Eric Wong [Sun, 26 Nov 2023 02:11:04 +0000 (02:11 +0000)]
git: improve coupling with {sock} and {inflight} fields
While the {inflight} array should be tied to the IO object even
more tightly, that's not an easy task with our current code. So
take some small steps by introducing a gcf_inflight helper to
validate the ownership of the process and to drain the inflight
array via the awaitpid callback.
This hopefully fix problems with t/lei-q-save.t (still) hanging
occasionally on v2 outputs since git->cleanup/->DESTROY was getting
called in v2 shard workers.
Eric Wong [Sat, 25 Nov 2023 20:54:35 +0000 (20:54 +0000)]
ds: long_step: eliminate redundant fileno call
We already stash the associated FD for reporting at startup and
don't need to call `fileno' again. Found via manual code
inspection while considering the effort to make async {forward}
from PublicInbox::HTTP more like the generic long_response API
and {long_cb} field used by IMAP/NNTP/POP3.
Eric Wong [Sat, 25 Nov 2023 20:54:34 +0000 (20:54 +0000)]
select+poll: have caller retry on EINTR
We can't assume signals are blocked when neither signalfd nor
EVFILT_SIGNAL are in use. So just return an empty result so
the caller can recalculate the timeout.
I found this bug while making xt/httpd-async-stream.t
use our event loop to reap processes but have abandoned
that effort for now since it didn't save any code.
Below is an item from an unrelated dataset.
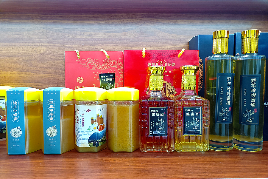 桃源县富裕农牧产销专业合作社的养蜂人介绍道:五倍子花蜜色泽金黄,浓稠清亮,蜜香芬芳,甜美味佳,兼具食、药价值,属同行业翘楚,深受嗜蜜消费者喜爱。除了销售各种蜂蜜,该合作社还创新推出了蜂蜜酒,将天然蜂蜜与农家自酿米酒相结合,口感清甜,营养价值极高。目前,桃源县富裕农牧产销专业合作社已注册商标“野华岭”,积极打造自主品牌,探索线上及线下相结合的销售渠道,产品在各大电商平台均有销售。

Eric Wong [Sat, 25 Nov 2023 20:54:33 +0000 (20:54 +0000)]
http: fix pipelining during long async requests
We must not attempt to read request bodies from the HTTP client
while processing a long request since that drains pipelined
requests. The NNTP/IMAP/POP3 event_step callbacks follow the
same behavior when {long_cb} is present from ->long_response.
This bug has little real-world consequence since HTTP/1.1
pipelining is not widely-used, especially when behind varnish
or other reverse proxies.
I found this bug while randomly strace-ing an active -netd
process to see the kind of traffic it was seeing.
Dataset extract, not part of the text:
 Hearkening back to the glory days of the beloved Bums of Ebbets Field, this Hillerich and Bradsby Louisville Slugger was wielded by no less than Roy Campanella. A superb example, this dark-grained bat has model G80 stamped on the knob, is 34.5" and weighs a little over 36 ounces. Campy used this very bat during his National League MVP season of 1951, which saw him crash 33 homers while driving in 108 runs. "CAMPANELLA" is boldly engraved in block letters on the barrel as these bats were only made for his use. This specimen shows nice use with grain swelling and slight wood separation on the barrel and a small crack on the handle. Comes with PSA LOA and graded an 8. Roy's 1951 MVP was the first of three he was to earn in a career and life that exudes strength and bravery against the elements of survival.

Eric Wong [Sat, 25 Nov 2023 01:52:25 +0000 (01:52 +0000)]
examples/unsubscribe.milter: limit scope of munging
We don't want the milter to munge List-Unsubscribe headers from
external (incoming) mlmmj lists, only lists hosted on the server
running unsubscribe.milter.
Adding support for an allow_domains file should've been enough,
but this further restricts the milter to only operating on Postfix
connections from localhost.
Eric Wong [Fri, 24 Nov 2023 09:53:46 +0000 (09:53 +0000)]
cindex: fix --join=reset and speed up incremental joins
`reset' means we want to ignore existing join data, while
the default (non-reset) means we perform an incremental
join while taking into account existing (fuzzy) join data.
Eric Wong [Wed, 22 Nov 2023 00:13:31 +0000 (00:13 +0000)]
lei_to_mail: don't close STDOUT unless it is a mbox* output
We only care about error checking when stdout is an mbox output
pointed to a pathname. This is noticeable with `lei up' with
multiple non-mbox* destinations. We'll also ensure throwing
exceptions to trigger lei->x_it from lei->do_env results in the
epoll/kqueue watch being discarded, otherwise commands may never
terminate (leading to stuck tests)
Eric Wong [Tue, 21 Nov 2023 12:43:15 +0000 (12:43 +0000)]
cindex: rename --associate to --join, test w/ real repos
The association data is just stored as deflated JSON in Xapian
metadata keys of shard[0] for now. It should be reasonably
compact and fit in memory for now since we'll assume sane,
non-malicious git coderepo history, for now.
The new cindex-join.t test requires TEST_REMOTE_JOIN=1 to be
set in the environment and tests the joins against the inboxes
and coderepos of two small projects with a common history.
Internally, we'll use `ibx_off', `root_off' instead of `ibx_id'
and `root_id' since `_id' may be mistaken for columns in an SQL
database which they are not.
Eric Wong [Tue, 21 Nov 2023 12:43:14 +0000 (12:43 +0000)]
doc/cindex: point no-fsync,dangerous to -index(1)
There's no point in duplicating --no-fsync documentation across
manpages. --dangerous can be useful for reducing SSD wear, so
add a pointer to it as well.
Eric Wong [Mon, 20 Nov 2023 19:22:32 +0000 (19:22 +0000)]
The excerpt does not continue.